Investigator says body camera footage shows shooting of Brookhaven police officers
Published 3:19 pm Tuesday, January 8, 2019
The lead investigator looking into the murder of two Brookhaven police officers testified Tuesday that police body camera footage shows the state’s only suspect pulling the trigger.
Mississippi Bureau of Investigation Special Agent Luke Harrington said body camera footage collected from deceased Brookhaven Police Department officers James White and Zach Moak, as well as approximately three other cameras, shows 26-year-old Marquis Aaron Flowers killed both officers. Harrington told the court during Flowers’ preliminary hearing Tuesday the suspect allegedly killed White, the first to arrive on the scene, with a shot to the head, then killed Moak with several shots to the body.
“(The video) depicts the officers responding to this call, and it depicts Mr. Flowers shooting and killing the officers,” Harrington said.
At the end of Tuesday’s hearing, Flowers’ case was bound over to the Lincoln County Grand Jury after Lincoln County Justice Court Judge Roger Martin found sufficient evidence for the case to go forward and denied bail. Martin stepped in to take the case over from Brookhaven City Court Judge Brad Boerner, who recused himself from the case after realizing his law firm was handling the estate of James White.
Flowers is charged with two counts of capital murder and one count of possession of a firearm by a convicted felon. Lincoln County Assistant District Attorney Brendon Adams said Flowers’ charges could warrant the death penalty.
Lincoln County District Attorney Dee Bates said his office would present Flowers’ case to the grand jury as soon as the investigation wraps up and all evidence from the crime lab is returned. He declined to answer any questions about the specifics of the case.
“We’re moving forward as fast as we can on this,” Bates said.
The county’s grand jury meets six times each year.
Brookhaven Police Chief Kenneth Collins declined to comment on any specifics, saying only that he would let the courts do the work. He later spoke about the community in a message seeking calm and unity.
“You can never let hate rise up — if you do, it’s hard to get it back in the bottle,” Collins said. “We’ve got to protect the community and protect these families. We have to protect the officers’ families, and we have to protect Flowers’ family, too. If you let anger or hate rule your actions, you’re not in control of yourself.”

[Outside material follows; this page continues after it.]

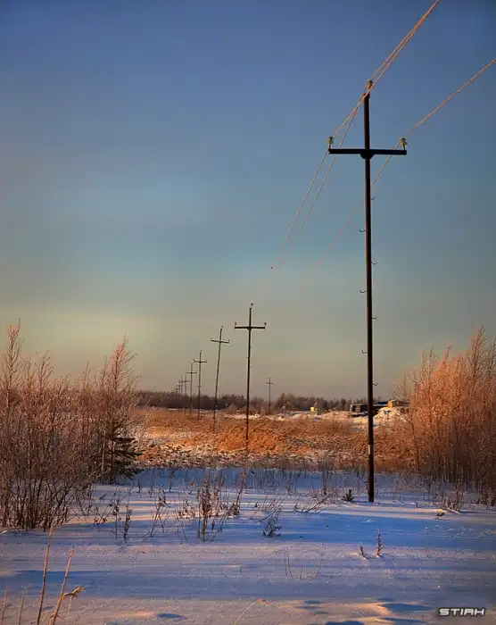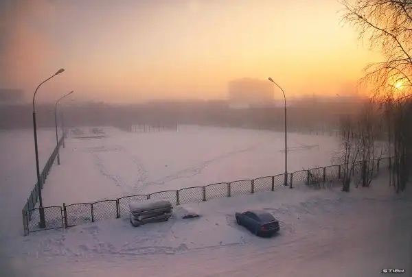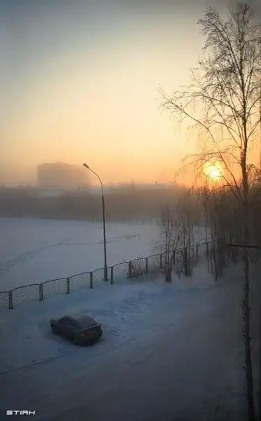 К вопросу о том, какие бывают морозы. В кадре утро. Температура -45С- 47С. Из-за высокой влажности стоит туман. Здесь, в кадре, он уже отступает. До восхода туман скрывал все, вплоть до середины поля, оставляя только слабые пятна зданий на заднем плане.

Harrington also testified Flowers confessed to shooting both officers accidentally while exchanging gunfire with unknown suspects who may have shot Flowers numerous times to generate the “shots fired” call before officers arrived. Moments before his death, White reported finding a white Cadillac Escalade full of bullet holes and containing blood in the driver’s seat.
“(Flowers talked about) where he’d been that day, what happened during the incident — he stated the ‘cops were caught in my crossfire, and it was bound to happen,’” Harrington said.
Harrington said no other people were on the scene at the time the officers were killed.
Flowers’ defense attorney, Price Henley, asked Harrington if Flowers had been shot “seven or eight times” in the gun battle preceding the police officers’ deaths, but Harrington said only that Flowers was wounded and receiving medical attention while able to stand and support his own weight. The investigator said evidence taken from the scene for both incidents is still being processed at the state crime lab, and investigations into both incidents is continuing.
Harrington said he could not recall the type of handgun recovered from the scene, which he said was “three inches” from Flowers’ hand, nor the types of shell casings collected as evidence.
Harrington, who has handled the investigation into the murders since the morning of Sept. 29, 2018, when both officers were killed while responding to a call of “shots fired” at a residence on North Sixth Street in Brookhaven, told the court further police footage obtained from dash cameras mounted in patrol vehicles was not useful in his investigation because the cars were pointed away from the scene.
When asked, Harrington told Henley body camera footage did not show the presence of anyone else, namely Brookhaven’s Lattrick Williams, who was arrested by a federal task force in McComb the week following the murders. Williams is in federal court for possession of a weapon by a convicted felon and faces drug and robbery charges in Lincoln County, but has not been charged in connection with the murders.
Brookhaven police have suspected Williams in numerous crimes and searched for him for a year before the task force took him in.
During questioning by Brookhaven City Prosecutor Cheli Durr, Harrington testified Flowers “knew or should have known” White and Moak were police officers when they arrived on-scene. He said he has conducted around 20 interviews — only one with Flowers — and sent DNA evidence to the crime lab.
Anferenee Cleveland, Flowers’ younger brother, said after the hearing the investigator’s claims do not make sense.
“I was told (Flowers) was shot eight, nine times, and I’m still trying to figure out how a man shot eight or nine times is capable of shooting two police officers,” he said.
Cleveland, who has defended Flowers on social media, said the original shots fired at Flowers may have been over a dispute concerning the Escalade. Harrington testified the vehicle was previously owned by a Brookhaven police officer, but was sold to an unknown new owner.